Sec. 6 – Retention of title
(1) The title must be passed at the latest upon handover of goods to Bahmüller, and must be unconditional and may not be dependent on payment of the price. However, if Bahmüller accepts an offer of transfer of title by the Supplier in an individual case which is conditional on payment of the purchase price, then the Supplier's retention of ownership shall cease to exist when the purchase price is paid for the delivered goods. Any request or extension of the retention of ownership by the Supplier is excluded.
(2) If goods provided by Bahmüller are processed, mixed with other goods, or combined with other goods by the Supplier, then this is done on behalf of Bahmüller. The parties agree that Bahmüller shall become the co-owner of products produced using objects provided by Bahmüller based on the ratio of the value of goods provided to the value of the overall product; such ownership shall be held on behalf of Bahmüller until the time of handover by the Supplier.

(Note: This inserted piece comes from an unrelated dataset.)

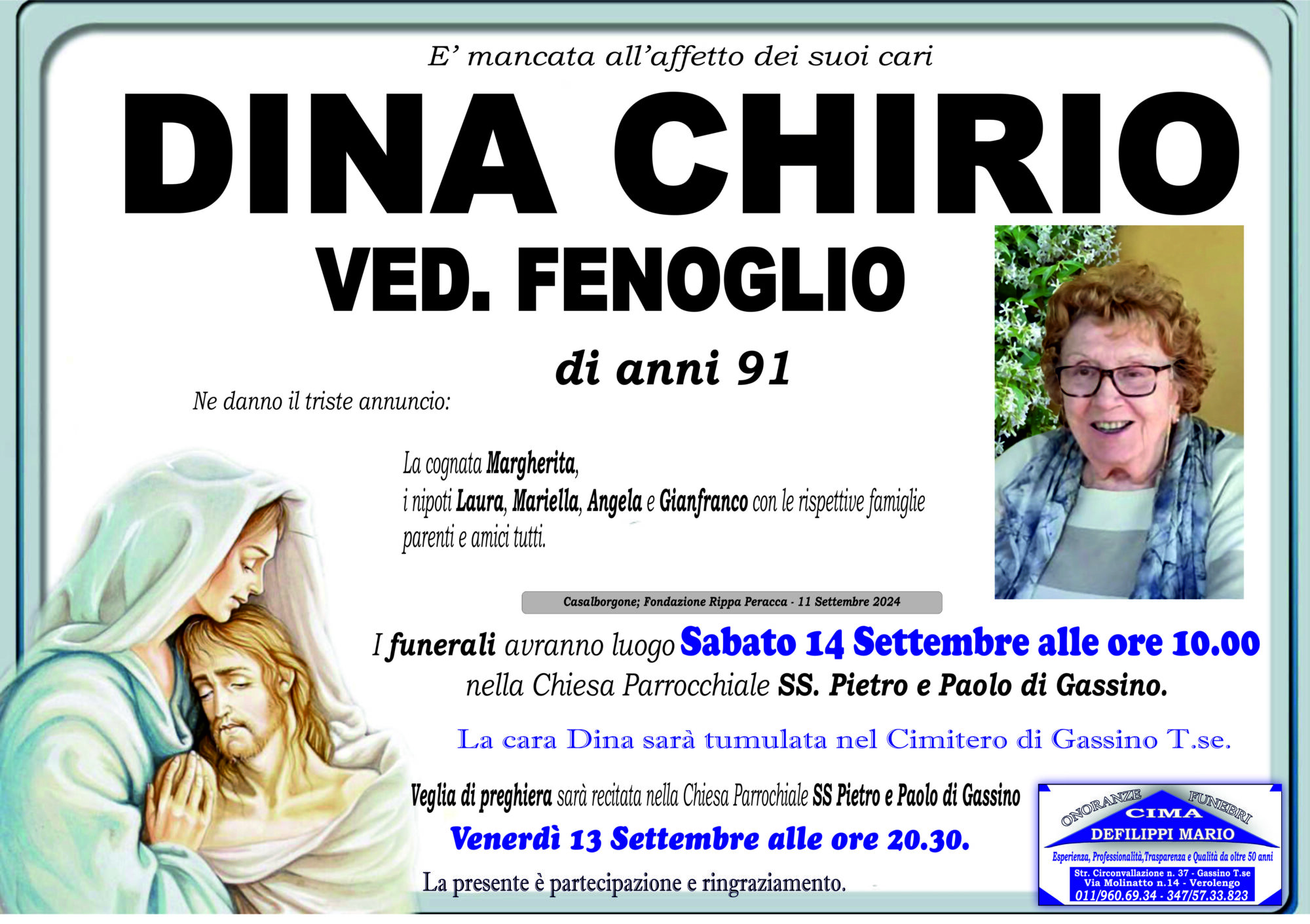DINA CHIRIO Ved. FENOGLIO di anni 91

(3) Bahmüller is entitled to sell the goods to others in the course of its normal business activities, even if it has obtained only conditional ownership and if Bahmüller has not fulfilled all of its payment obligations. However, Bahmüller is not permitted to pledge the goods subject to retention of title or to transfer title thereto by way of security.
Sec. 7 – Defects
(1) Statutory regulations apply to the rights of Bahmüller for material and legal defects in the goods and to other breaches of duty by the Supplier, unless otherwise specified in the following.
(2) The Supplier must ensure that goods have the agreed characteristics when the risk is transferred to Bahmüller. Product descriptions that are the object of the respective agreement or are included in the agreement in the same manner as these Purchasing Conditions are considered agreements on characteristics – and are included in particular, but not exclusively through descriptions or references in Bahmüller's orders. It makes no difference whether the product description was added by Bahmüller or the supplier.
(3) In deviation from Sec. 442 para. 1 clause 2 BGB (German Civil Code), Bahmüller is entitled to claims for damages without restriction even if Bähmuller was unaware of the defect when the contract was concluded due to gross negligence.
(4) The statutory provisions of Sections 377, 381 HGB apply to commercial inspection and notification of defect obligations, with the following conditions: Bahmüller's inspection obligations are restricted to defects that are obvious and apparent during an incoming goods control and external inspection, including the delivery documents, and during random quality controlling, such as transportation damage, incorrect deliveries, or failure to deliver the agreed quantity. If an acceptance is agreed, there is no inspection obligation. Furthermore, the inspection must be feasible in the normal course of business, in consideration of the circumstances in the individual case. The duty to give notice of defects discovered later on shall remain unaffected. In all cases, a notice of defects from Bahmüller shall be considered prompt and timely if it is received by the supplier within 15 business days.
(5) Costs incurred by the supplier for inspections and corrections (including any costs for removal or installation) shall be borne by the Supplier, even if it becomes clear that there were no actual defects. Bahmüller's liability for damage compensation in case of unjustified requests to correct defects remains unaffected; in this respect, Bahmüller is only liable if we were aware, or were grossly negligent in not being aware, that there were no defects.
(6) If the Supplier does not fulfill its obligation to provide supplementary performance – either by correcting the defect or by delivering goods free from defects, at Bahmüller's discretion – within an appropriate time period set by Bahmüller, then Bahmüller may correct the defect itself and may request reimbursement from the Supplier for any expenses required, or may request an advance payment for this purpose. If the Supplier fails to provide supplementary performance, or if this would be unreasonable for Bahmüller (for instance due to the urgency of the case, if operational readiness is endangered, or if there are impending, unreasonable damages), then no time period needs to be set; Bahmüller will inform the Supplier of such circumstances promptly, and in advance if possible.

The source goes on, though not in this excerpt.